In a better-than-average world, when asked to develop a new website or improve an existing one, the web team goes out to discover what users think of the site.
This involves identifying the site’s key audiences and using surveys, focus groups, other research and past feedback to identify good and bad design and usability features.
After this the team come up with concepts, tests them on audiences and refines.
(In a average or worse world the web team isn’t given the time or resourcing to do all this research, so short-cuts the process with their ‘best guess’ design improvements based on feedback and experience. This is far too common but can still deliver improvements.)
When the web team reach final agreement on a few design alternatives, they go to senior management for approval, often with a detailed case explaining all the design decisions.
And this is where the process breaks down.
- “Can you make the website more blue? I want it to be bluer.”
- “I like (pick a random site visited in the last day). Can you redesign it so that our website looks just like that one.”
- “I don’t use search, I use menus, so can you move the search to the bottom right of the page”
- “I don’t believe anyone wants three columns in a webpage, please restructure to two columns.”
- “It’s too hard for me to find anything, can you simply list all the main site categories and pages in the homepage.”
- “We’d prefer to organise information by our divisions rather than by subject, I’m sure that would be much easier to understand”
- “We actually wanted the website to look just like the printed brochure”
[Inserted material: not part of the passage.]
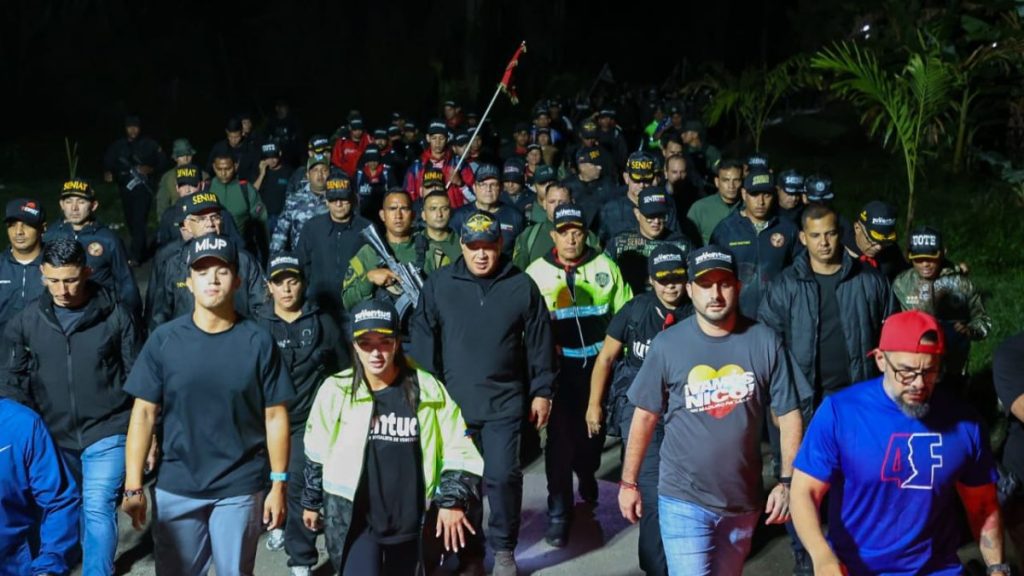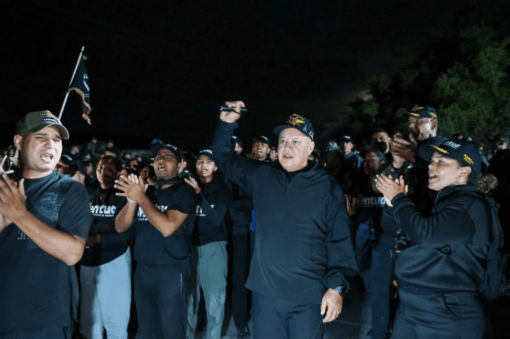 La madrugada de este jueves, el secretario general del Partido Socialista Unido de Venezuela (PSUV), Diosdado Cabello Rondón, lideró la caminata nocturna realizada en la parroquia Macarao, en Caracas por parte de los jóvenes militantes de la tolda roja que forman parte de la primera cohorte del campamento de Entrenamiento Básico de Resistencia Revolucionaria.

- “I like the shirt I am wearing today, make the website the same colour”
Suddenly web teams have to reassess what they are attempting to deliver and who they are delivering for.
Their collective expertise and research is no longer relevant.
The audience of the site is no longer relevant.
They are designing for one person, or a small group of people – decision-makers who are often not the target audience and possible don’t even use the website.
This is a source of great frustration for web teams. They are no longer designing for the 99% of their audience, they are designing for the 1%.
Now what if this process was turned on its head…
Rather than having an executive or Minister approve a website, we instead released several near final designs for A/B testing on online audiences (as organisations like Google, Amazon and Microsoft do), a proven and effective technique, or took the final couple of design alternatives and put them online for the public to vote on and thereby approve.
Of course there would still need to be some level of senior executive involvement in defining the organisation’s overall requirements for the website. The site does have to meet the organisation’s goals.
However the actual approval would come from the audience, the 99%, people using the website, the people you wish to communicate with, support, engage or influence.
Radical? Maybe.
Effective. Certainly.
Doable?
Great post, Craig. I’ve also seen user preferences overruled by an organization’s leadership, which I’ve always considered counter-productive. I like your proposal and would add that organizations should also try understand who is providing feedback and ensure they actually represent the target audience. You may want to attract new users but only be receiving feedback from long-time users who are change averse, or maybe what you want is better utility for your hard core users, not any casual passerby.